В глубине юрты, должно быть, из ящиков было устроено некоторое подобие тахты или дивана. Богатые шелковые подушки и пестрые вышивки сплошь покрывали его. Между них, как какая-то боярыня, в тяжелом восточном парчовом уборе, покрытая золотыми подвесками, браслетами, точно в ризах золотых, сидела, развалясь, молодая, накрашенная и насурмленная женщина. От нее отошел молодой, статный и ловкий молодец в богато расшитом серебряными шнурами и шевронами доломане с полковничьими шнурами на плече и в серебром до колена расшитых чакчирах. Он в два мягких просторных шага был подле Петрика и широко раскрыл ему объятия.
— Какими судьбами?.. Каким ветром, Петр Сергеевич?… Вот уже именно, как говорится, гора с горою не сходится, а человек с человеком… Но, как же тебя, беднягу… Идем… Не узнаешь Анели?..
Накрашенная женщина приподнялась со своего места, протягивая руку Петрику, и томным голосом сказала:
— Дае слово. Никак не узнать нашего пана ротмистра. Милости просим к нашей хлебу соли.
Милостивым, должно быть заранее разученным, «королевским» жестом Анеля протянула руку, звенящую многочисленными браслетами Петрику, и Петрик, не отдавая себе отчета в том, что он делает, прикоснулся к ней губами. Запах терпких китайских духов ударил ему в нос.
— По делу? — сказал Кудумцев. — Пройдем пока ко мне в кабинет. Расскажи про твои скитания. Анеля, распорядись ш-шикарнейшим ужином! Да, прикажи заморозить побольше гусарского напитка.
Взяв под руку Петрика, Кудумцев повел его по некоторому подобию коридора из кошм, где едко пахло верблюжьим войлоком и, откинув кошму, пропустил Петрика в соседнюю юрту.

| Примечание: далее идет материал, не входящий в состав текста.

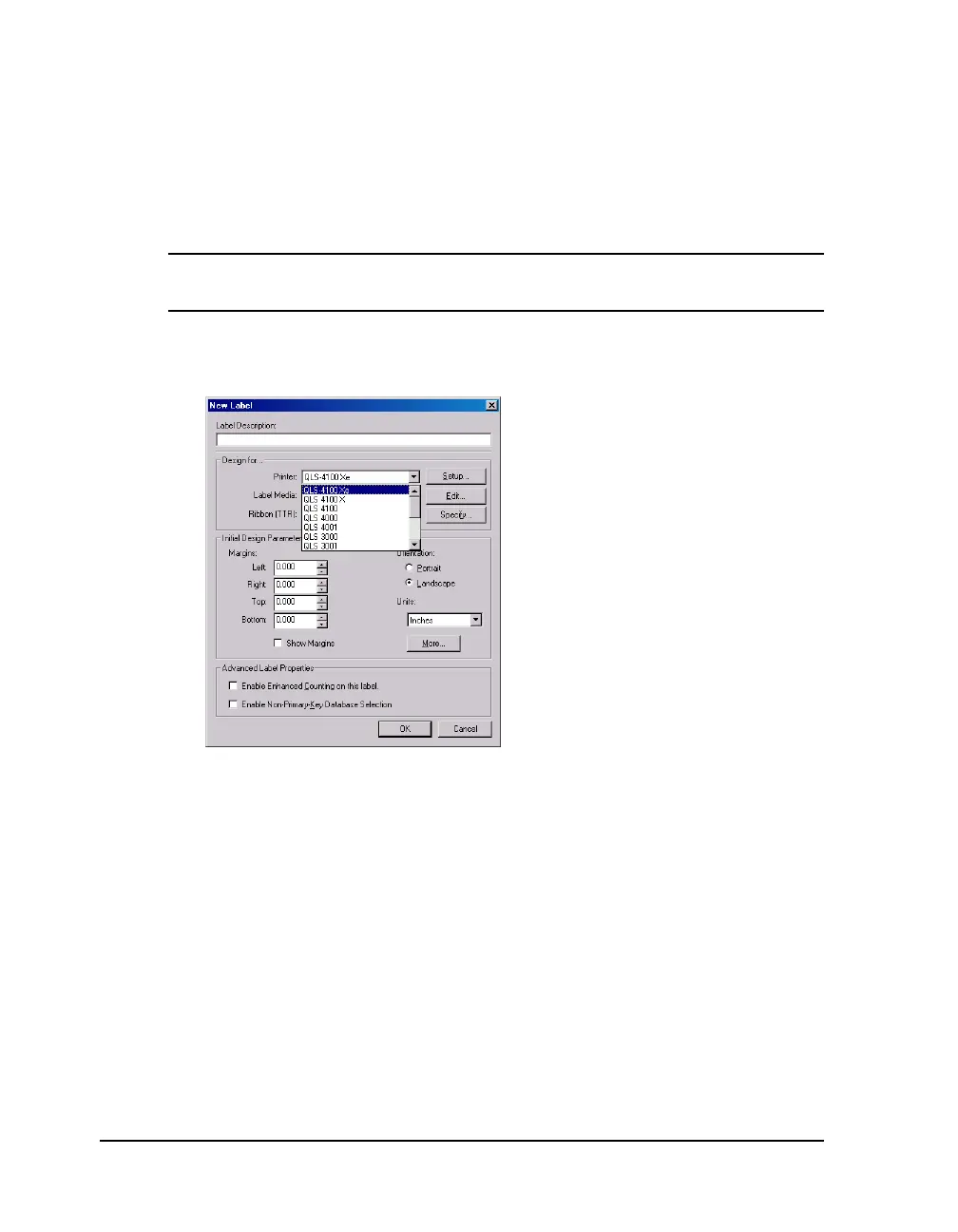 2 Select QLS 4100Xe from the Printer pull-down menu list.

В ней, за низким столом, ярко освещенным керосиновою лампою, над громадною стратегическою картою России сидел человек неопределенных лет в таком же расшитом гусарском доломане, какой был и на Кудумцеве.
— Мой начштаба, полковник Перфильев, — небрежно представил вставшего при их входе человека Кудумцев.

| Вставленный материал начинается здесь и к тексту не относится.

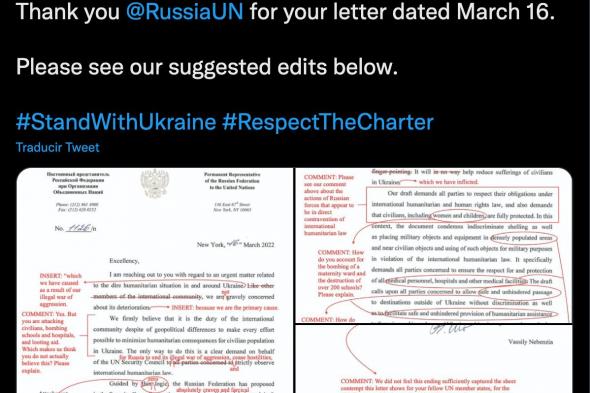 Con anotaciones en rojo como si de un ejercicio de colegio se tratara, los responsables de la misión permanente de Canadá en la ONU han respondido a las solicitudes de Rusia para que los aliados occidentales respeten sus obligaciones humanitarias, sugiriendo que es la propia Rusia la responsable de que sea necesaria esa ayuda.

Петрик невольно обратил внимание на странную и страшную, почти трупную, бледность лица Перфильева. Большие, очень светлые глаза с непередаваемой печалью заглянули в глаза Петрику. Перфильев подал белую, вялую, точно безкостную руку Петрику, поклонившись, вышел из юрты на воздух.
Петрик и Кудумцев остались вдвоем.
— Ну?… Каково?… — не скрывая самодовольного восторга, сказал Кудумцев, играя вороватыми цыганскими глазами. — Видал-миндал!.. Здорово все пущено!..

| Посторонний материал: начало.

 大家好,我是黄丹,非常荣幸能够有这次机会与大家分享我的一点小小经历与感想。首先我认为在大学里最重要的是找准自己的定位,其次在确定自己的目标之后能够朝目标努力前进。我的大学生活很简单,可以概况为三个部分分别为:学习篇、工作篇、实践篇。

Черные гусары!.. А?. Вот это я понимаю! И они меня понимают, — Кудумцев сделал широкий жест по направлению бивака. — Тут, брат, козлятиной кормить не станут.
Нам подавай молодого барашка… У меня — организация!.. Ну, ты как?.. Откуда?
— Я… От адмирала Колчака… Был послан с эскадроном в двадцать коней искать связи с атаманом Анненковым. Мои люди мне изменили… Взбунтовались. Я долго скитался по степи один. Случайно набрел на твой отряд.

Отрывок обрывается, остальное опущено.